Lines in the listing below that contain the string "Pendant" are to be found and copied.

*** Opening of Given information ***

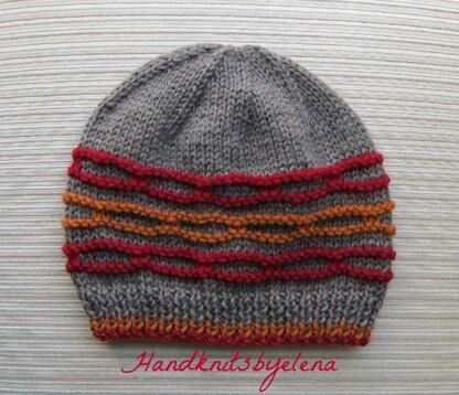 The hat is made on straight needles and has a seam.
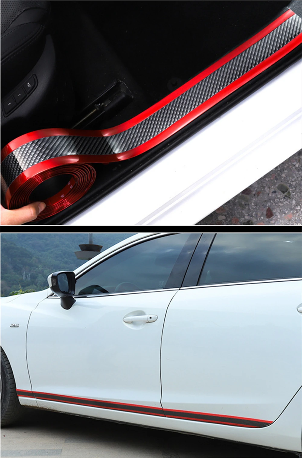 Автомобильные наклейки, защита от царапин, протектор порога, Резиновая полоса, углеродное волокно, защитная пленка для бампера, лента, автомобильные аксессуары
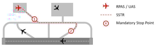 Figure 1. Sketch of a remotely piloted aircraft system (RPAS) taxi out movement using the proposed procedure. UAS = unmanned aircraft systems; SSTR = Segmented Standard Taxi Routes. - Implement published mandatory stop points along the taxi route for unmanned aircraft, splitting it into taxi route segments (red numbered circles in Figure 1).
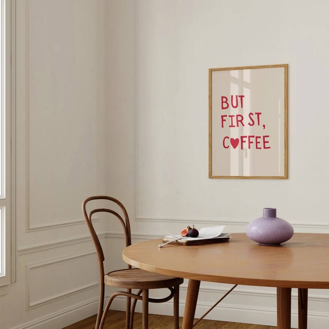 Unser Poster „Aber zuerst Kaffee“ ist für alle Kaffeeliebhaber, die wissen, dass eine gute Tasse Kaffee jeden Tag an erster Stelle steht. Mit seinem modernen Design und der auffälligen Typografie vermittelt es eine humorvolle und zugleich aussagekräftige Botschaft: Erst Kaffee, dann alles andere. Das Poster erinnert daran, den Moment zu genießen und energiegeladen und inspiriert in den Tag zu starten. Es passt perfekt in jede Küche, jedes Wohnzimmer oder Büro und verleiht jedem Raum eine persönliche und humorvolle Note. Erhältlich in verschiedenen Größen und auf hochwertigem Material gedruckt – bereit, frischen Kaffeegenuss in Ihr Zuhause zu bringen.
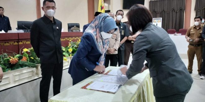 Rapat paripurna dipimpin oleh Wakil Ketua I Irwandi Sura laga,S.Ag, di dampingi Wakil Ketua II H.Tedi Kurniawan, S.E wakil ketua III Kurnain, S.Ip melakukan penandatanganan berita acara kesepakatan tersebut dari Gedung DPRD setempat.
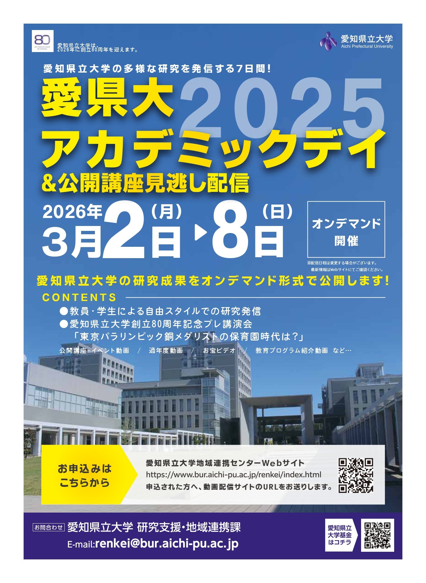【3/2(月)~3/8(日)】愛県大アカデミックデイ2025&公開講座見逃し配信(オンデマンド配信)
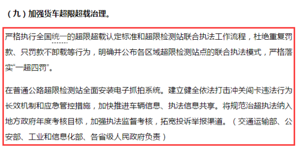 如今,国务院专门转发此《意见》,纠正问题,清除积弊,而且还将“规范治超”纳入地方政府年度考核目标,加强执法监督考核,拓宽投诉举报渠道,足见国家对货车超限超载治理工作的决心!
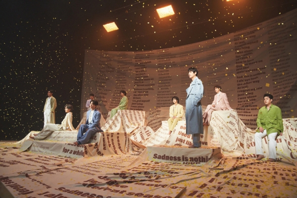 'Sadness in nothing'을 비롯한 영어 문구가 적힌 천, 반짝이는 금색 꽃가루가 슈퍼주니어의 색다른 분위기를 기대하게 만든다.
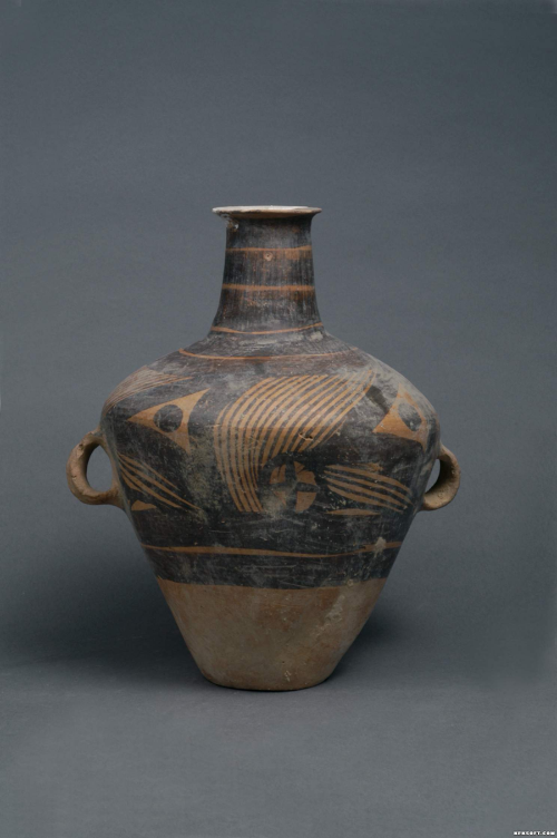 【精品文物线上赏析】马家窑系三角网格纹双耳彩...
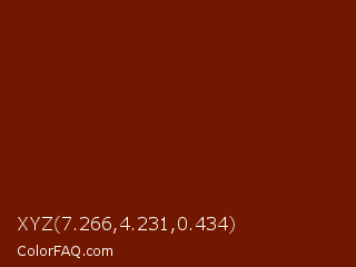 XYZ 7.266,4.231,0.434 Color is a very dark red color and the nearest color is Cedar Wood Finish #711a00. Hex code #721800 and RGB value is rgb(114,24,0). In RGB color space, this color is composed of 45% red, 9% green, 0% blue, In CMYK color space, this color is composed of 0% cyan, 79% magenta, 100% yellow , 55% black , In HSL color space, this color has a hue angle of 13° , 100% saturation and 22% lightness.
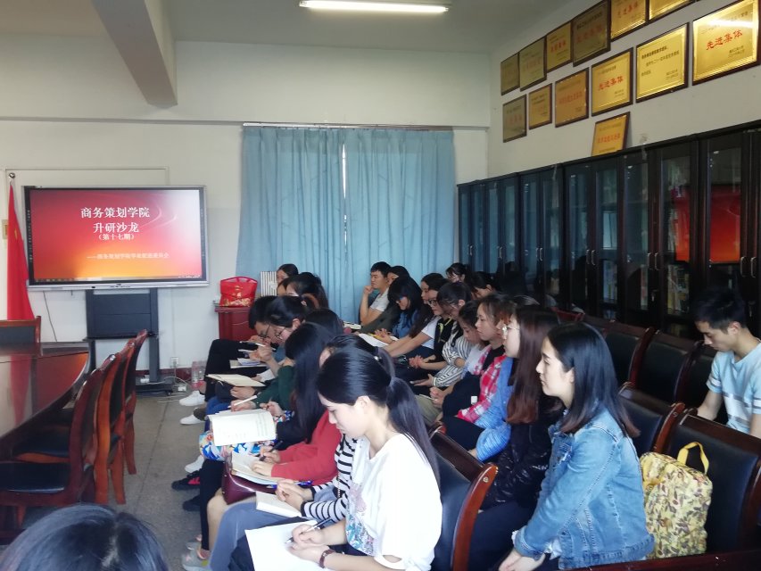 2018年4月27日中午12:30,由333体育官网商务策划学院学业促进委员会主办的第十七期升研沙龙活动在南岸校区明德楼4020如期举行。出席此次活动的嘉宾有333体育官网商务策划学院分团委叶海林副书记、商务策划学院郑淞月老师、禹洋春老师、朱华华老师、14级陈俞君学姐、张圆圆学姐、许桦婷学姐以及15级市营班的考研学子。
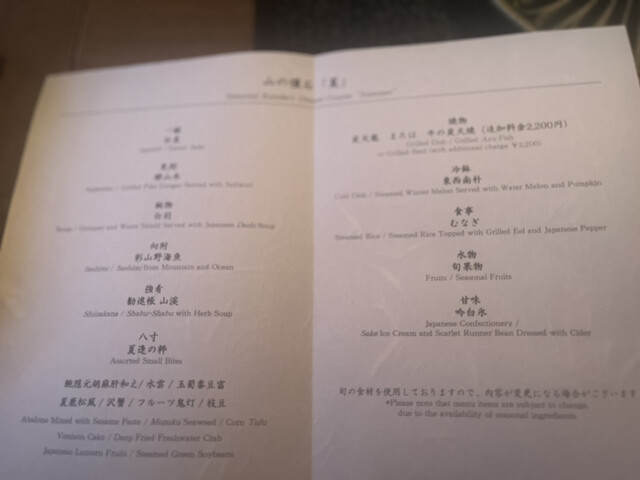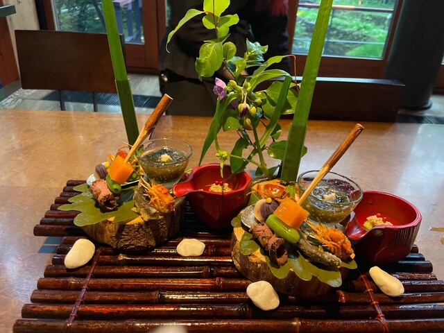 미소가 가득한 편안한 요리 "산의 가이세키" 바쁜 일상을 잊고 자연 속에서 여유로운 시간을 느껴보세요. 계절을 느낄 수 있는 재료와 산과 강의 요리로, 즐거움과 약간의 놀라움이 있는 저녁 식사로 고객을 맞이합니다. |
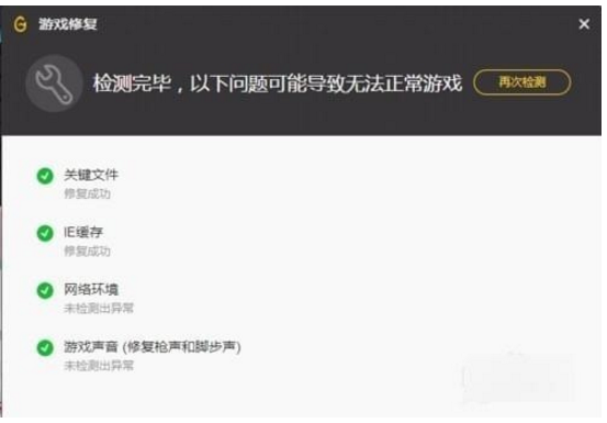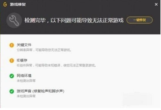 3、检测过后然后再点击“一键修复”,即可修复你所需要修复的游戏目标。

*** Close of Given information ***
*** Opening of Given information ***

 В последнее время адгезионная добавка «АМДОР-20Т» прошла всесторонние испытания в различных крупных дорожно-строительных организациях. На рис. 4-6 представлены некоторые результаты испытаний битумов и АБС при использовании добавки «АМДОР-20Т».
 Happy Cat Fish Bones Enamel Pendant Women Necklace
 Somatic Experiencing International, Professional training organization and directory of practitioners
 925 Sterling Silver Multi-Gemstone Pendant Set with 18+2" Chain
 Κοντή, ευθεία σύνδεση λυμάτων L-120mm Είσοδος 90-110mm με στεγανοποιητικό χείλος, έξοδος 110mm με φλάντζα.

*** Close of Given information ***
*** Opening of Given information ***

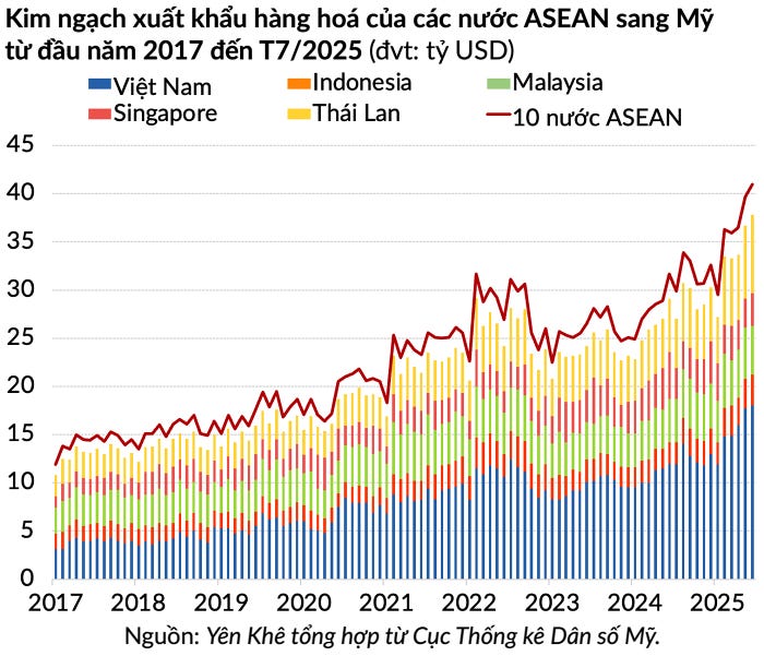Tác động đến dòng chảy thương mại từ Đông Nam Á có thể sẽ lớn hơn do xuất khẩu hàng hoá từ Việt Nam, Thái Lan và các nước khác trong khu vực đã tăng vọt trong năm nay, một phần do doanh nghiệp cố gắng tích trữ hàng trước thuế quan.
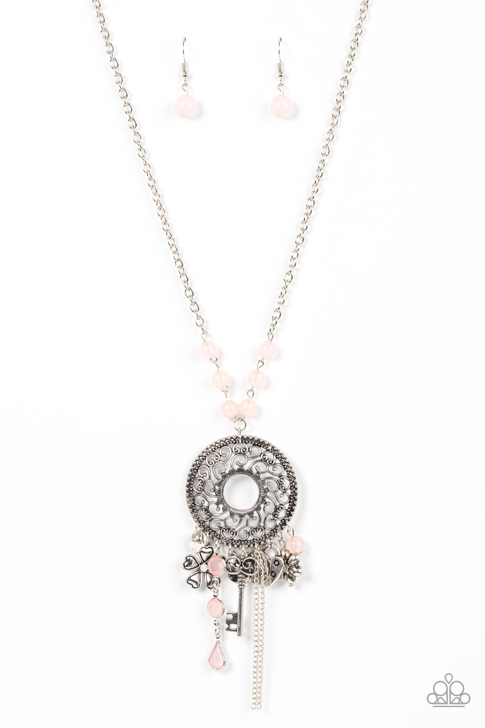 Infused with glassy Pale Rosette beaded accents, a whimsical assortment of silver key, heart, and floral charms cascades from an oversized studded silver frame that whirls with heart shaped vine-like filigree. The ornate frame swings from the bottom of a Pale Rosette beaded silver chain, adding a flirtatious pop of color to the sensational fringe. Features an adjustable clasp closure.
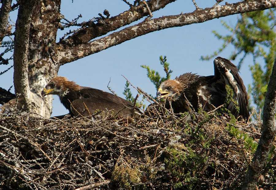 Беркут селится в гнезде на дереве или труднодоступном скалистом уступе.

*** Close of Given information ***

- Solution for this problem:
 Happy Cat Fish Bones Enamel Pendant Women Necklace
 925 Sterling Silver Multi-Gemstone Pendant Set with 18+2" Chain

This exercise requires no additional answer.